Recorded data below:

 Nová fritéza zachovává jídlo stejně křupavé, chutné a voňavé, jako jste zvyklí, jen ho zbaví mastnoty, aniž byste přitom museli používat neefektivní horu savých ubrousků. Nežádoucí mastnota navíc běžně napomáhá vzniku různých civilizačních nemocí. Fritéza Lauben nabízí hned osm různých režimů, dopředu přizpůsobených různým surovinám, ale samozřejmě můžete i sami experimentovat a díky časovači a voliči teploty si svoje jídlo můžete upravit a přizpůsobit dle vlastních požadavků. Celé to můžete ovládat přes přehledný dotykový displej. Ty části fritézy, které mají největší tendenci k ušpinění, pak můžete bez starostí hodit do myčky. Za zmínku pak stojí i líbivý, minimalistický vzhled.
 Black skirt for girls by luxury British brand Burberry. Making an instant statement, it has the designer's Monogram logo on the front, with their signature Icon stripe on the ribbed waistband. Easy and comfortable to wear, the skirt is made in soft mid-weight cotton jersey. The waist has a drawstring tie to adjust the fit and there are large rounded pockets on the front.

End of Recorded data.
Recorded data below:

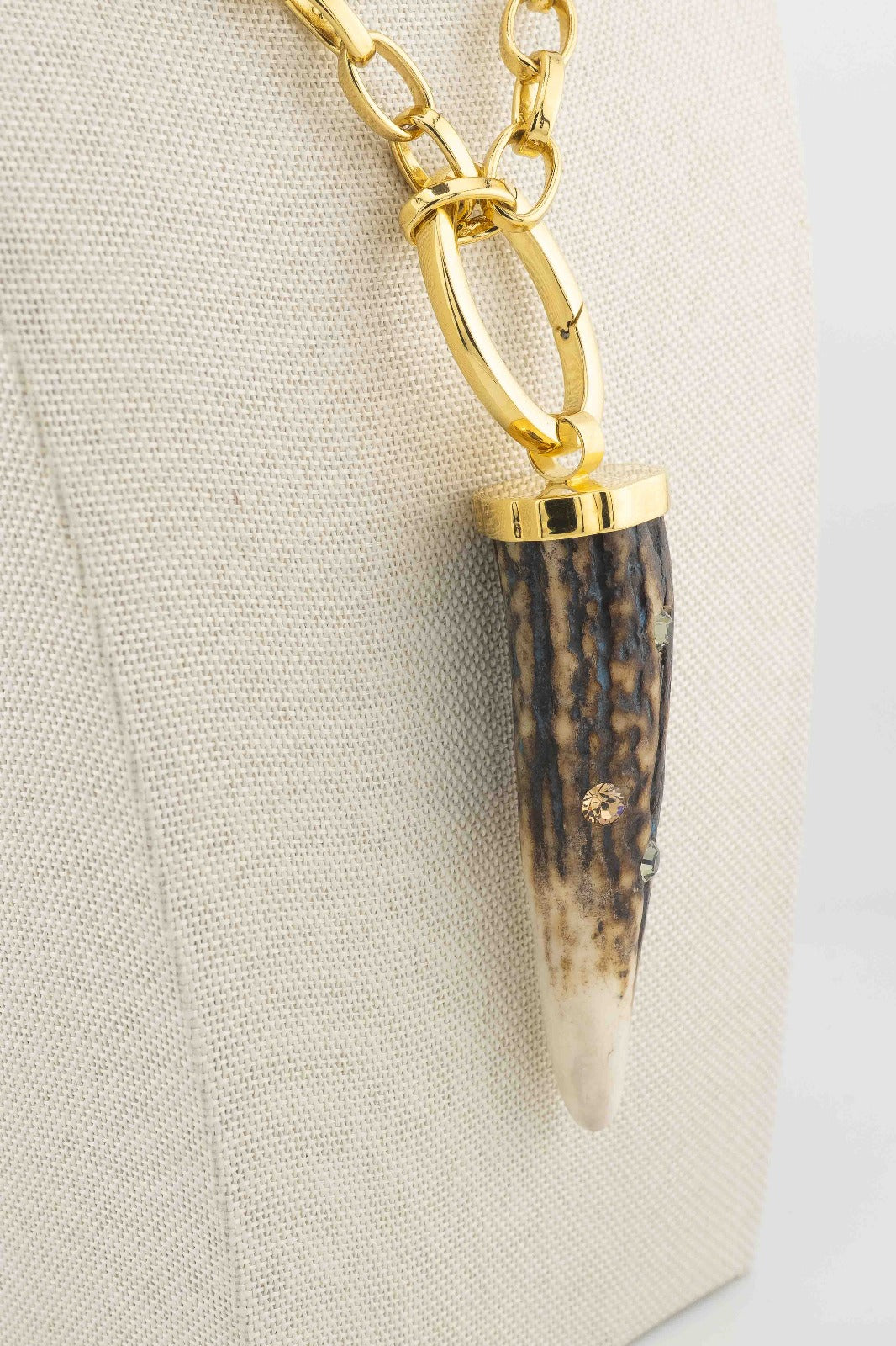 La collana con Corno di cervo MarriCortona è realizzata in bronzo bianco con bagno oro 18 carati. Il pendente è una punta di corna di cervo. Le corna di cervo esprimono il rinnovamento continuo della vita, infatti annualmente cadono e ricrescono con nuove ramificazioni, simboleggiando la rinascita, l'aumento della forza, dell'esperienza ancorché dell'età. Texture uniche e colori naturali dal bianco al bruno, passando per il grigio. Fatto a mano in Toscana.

End of Recorded data.

• Exercise
From the listing above, output exactly the run of lines that starts with the line containing "Nová fritéza zachovává" and ends with the line containing "Black skirt for".

• Expected answer
 Nová fritéza zachovává jídlo stejně křupavé, chutné a voňavé, jako jste zvyklí, jen ho zbaví mastnoty, aniž byste přitom museli používat neefektivní horu savých ubrousků. Nežádoucí mastnota navíc běžně napomáhá vzniku různých civilizačních nemocí. Fritéza Lauben nabízí hned osm různých režimů, dopředu přizpůsobených různým surovinám, ale samozřejmě můžete i sami experimentovat a díky časovači a voliči teploty si svoje jídlo můžete upravit a přizpůsobit dle vlastních požadavků. Celé to můžete ovládat přes přehledný dotykový displej. Ty části fritézy, které mají největší tendenci k ušpinění, pak můžete bez starostí hodit do myčky. Za zmínku pak stojí i líbivý, minimalistický vzhled.
 Black skirt for girls by luxury British brand Burberry. Making an instant statement, it has the designer's Monogram logo on the front, with their signature Icon stripe on the ribbed waistband. Easy and comfortable to wear, the skirt is made in soft mid-weight cotton jersey. The waist has a drawstring tie to adjust the fit and there are large rounded pockets on the front.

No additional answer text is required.